Hab aktuelle Treiber. Aber die boost option krieg ich net


----------



## Hackslash (13. Dezember 2008)

Sieht so aus.
guckst du anhang


----------



## Minga_Bua (13. Dezember 2008)

Genau dieses "+" habe ich nicht. Es taucht manchmal auf während ich die lautstätrke hoch und runter drehe.. aber es bleibt nie da..


----------



## Hackslash (13. Dezember 2008)

ähm okay das is ******** ^^
installier mal treiber vllt. testhalber komplett neu die zicken manchmal


----------



## Minga_Bua (13. Dezember 2008)

Schon gemacht 
Man wofür geb ich so viel Kohle für so ne sopundkarte aus wo dann nix klappt?  
Meine alte 10 Euro karte hatte da keine probleme ^^


----------



## Hackslash (13. Dezember 2008)

hmm eigentlich sind die Soundkarten extrem geil nur einziges Problem ist das ewige scheiss neustarten bei der Treiberinstallation...


----------



## Minga_Bua (13. Dezember 2008)

Noch jemand ne Idee?


----------



## Minga_Bua (13. Dezember 2008)

Und immermalwieder kommt son permanentes knacken dazu..


----------



## Scottie (26. Januar 2009)

Hab auch seit ein paar Wochen eine X-Fi Titanium PCIe und auch keine Option um die Mikrofonverstärkung anzupassen wie bei den "alten" Karten.
Bin in TS oder auf Skype nur noch halbso gut zu verstehen wie bei meinem alten PC. Stehe kurz davor eine alte Audigy einzubauen...
Weiß vielleicht jemand inzwischen warum die Titanium keinen Mikro Boost hat?


----------



## HeX (26. Januar 2009)

liegt vielleicht daran das die Titanium einen anschluss für linein und mic hat, glaube aber unter xo hatte ich nen mic bosst und unter vista hab ich den nicht mehr... ist eigentlich egal bin im ts auch so mehr als laut genug


----------



## Scottie (26. Januar 2009)

Das Mikro ist natürlich in dem dafür vorgesehen Eingang.
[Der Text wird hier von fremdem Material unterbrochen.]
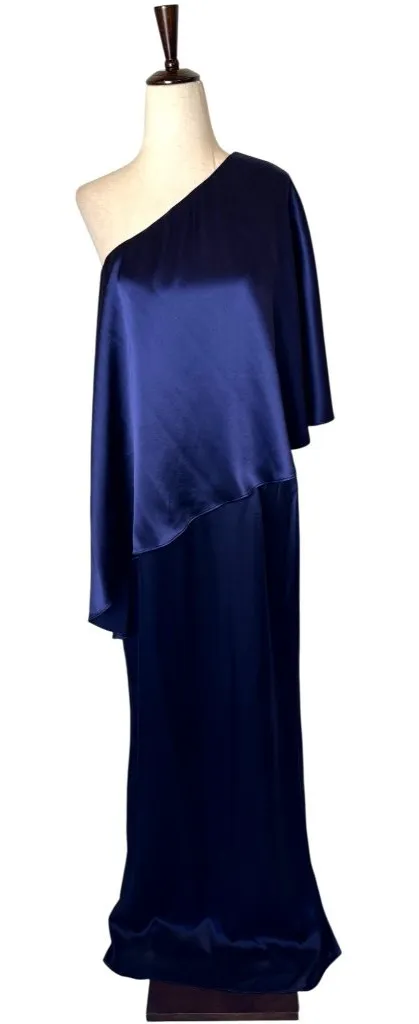 This navy blue satin maxi dress features a one-shoulder design and elegant draped detailing, offerin... Show more

Darum geht's auch in dem Thread nicht.
Die Frage war, ob es inzwischen eine Lösung für die fehlende Lautstärkeanhebung gibt.
Bei dem X-Fi Titanium Treiber haben sie den nämlich wegoptimiert und dadurch ist die MiC-Lautstärke im Vergleich zu alten Karten, wie Audigy oder X-Fi Music, nämlich viel viel leiser.
Der Creative Treiber auf deren Downloadseiten ist nämlich immer noch von August 2008 und eher suboptimal bzgl. Mic Lautstärke.
Achja - System ist Win XP sp3


----------